• [Aim of the exercise] Word for word, copy the data that follows and skip its pictures.

• [The data]

+ + + + + + +

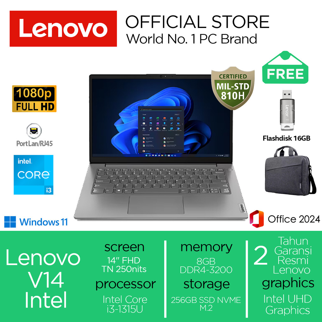 Lenovo V14 i3-1315U 256GB SSD 8GB FHD Win11+OHS
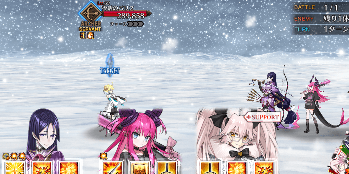 | 敵ギミック | ・敵はガッツ3回所持 ・ガッツ発動時チャージ3増加 ・1度撃破した後、体力が全回復 |
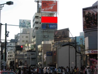 明治神宮駅近く、神宮前交差点沿いに設置された看板広告です。昼夜問わず多くの人が行き交う場所です。
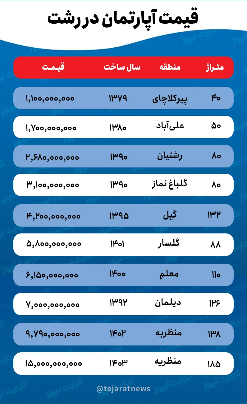 یک تبلیغ دیگر به یک واحد دو نفره تبدیل شد ، یک ساختار یک ساله از منطقه Golsar در نزدیکی بلوار Golsar ، ۵ میلیارد دلار و ۵ میلیون. علاوه بر این ، یک واحد ۳ متری با سه شرط با یک سال از سال ساخت در منطقه دیلمن برای هفت میلیارد تومانس تبلیغ شد.

+ + + + + + +

• [Result below]
 Lenovo V14 i3-1315U 256GB SSD 8GB FHD Win11+OHS
 | 敵ギミック | ・敵はガッツ3回所持 ・ガッツ発動時チャージ3増加 ・1度撃破した後、体力が全回復 |
 明治神宮駅近く、神宮前交差点沿いに設置された看板広告です。昼夜問わず多くの人が行き交う場所です。
 یک تبلیغ دیگر به یک واحد دو نفره تبدیل شد ، یک ساختار یک ساله از منطقه Golsar در نزدیکی بلوار Golsar ، ۵ میلیارد دلار و ۵ میلیون. علاوه بر این ، یک واحد ۳ متری با سه شرط با یک سال از سال ساخت در منطقه دیلمن برای هفت میلیارد تومانس تبلیغ شد.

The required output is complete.